Wochenlang gekämpft: Endlich gibt sie sich dem Plattenverkäufer hin

Nach wochenlangem Flirten gibt die 32-jährige Monica sich endlich dem geilen Plattenverkäufer hin und lässt sich vor den Augen ihres erregten Mannes hart durch

11 min read September 11, 2026New

Ich muss das endlich erzählen, so dreckig und ehrlich, wie es war.
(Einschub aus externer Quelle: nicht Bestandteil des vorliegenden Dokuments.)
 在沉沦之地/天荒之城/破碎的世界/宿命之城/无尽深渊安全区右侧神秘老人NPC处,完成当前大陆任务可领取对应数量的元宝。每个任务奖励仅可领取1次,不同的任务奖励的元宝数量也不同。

Ich bin Monica, zweiunddreißig, und mit Terrence seit Jahren verheiratet. Unsere Ehe war… funktionierend. Langweilig. Sex einmal die Woche, immer im Dunkeln, immer dieselben Bewegungen, immer sein halbstarres Ding, das kaum reichte, mich richtig nass zu machen. Wir hatten einen kleinen Plattenladen in der Innenstadt. Vinyl, Raritäten, der Geruch von altem Karton und Staub. Terrence saß meist im Hinterzimmer, sortierte Bestellungen, tippte Rechnungen. Ich bediente vorne.
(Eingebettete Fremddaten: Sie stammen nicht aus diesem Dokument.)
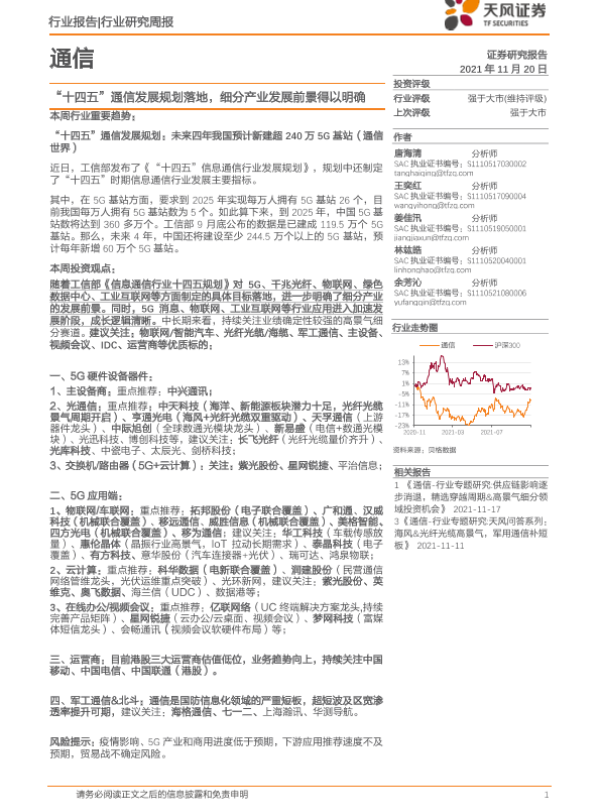 【天风证券】【20211120】20211120-天风证券-通信:“十四五”通信发展规划落地,细分产业发展前景得以明确-14页 行业研究

Seit Wochen kam Wesley. Achtundzwanzig, breite Schultern, enge Jeans, dieses freche Grinsen. Ein Plattenverkäufer aus der Großstadt, der uns seltene Pressungen brachte und nebenbei alles aufkaufte, was sich lohnte. Jedes Mal, wenn die Türglocke klingelte und er reinspazierte, spürte ich es sofort zwischen den Beinen. Ein Ziehen, warm und peinlich.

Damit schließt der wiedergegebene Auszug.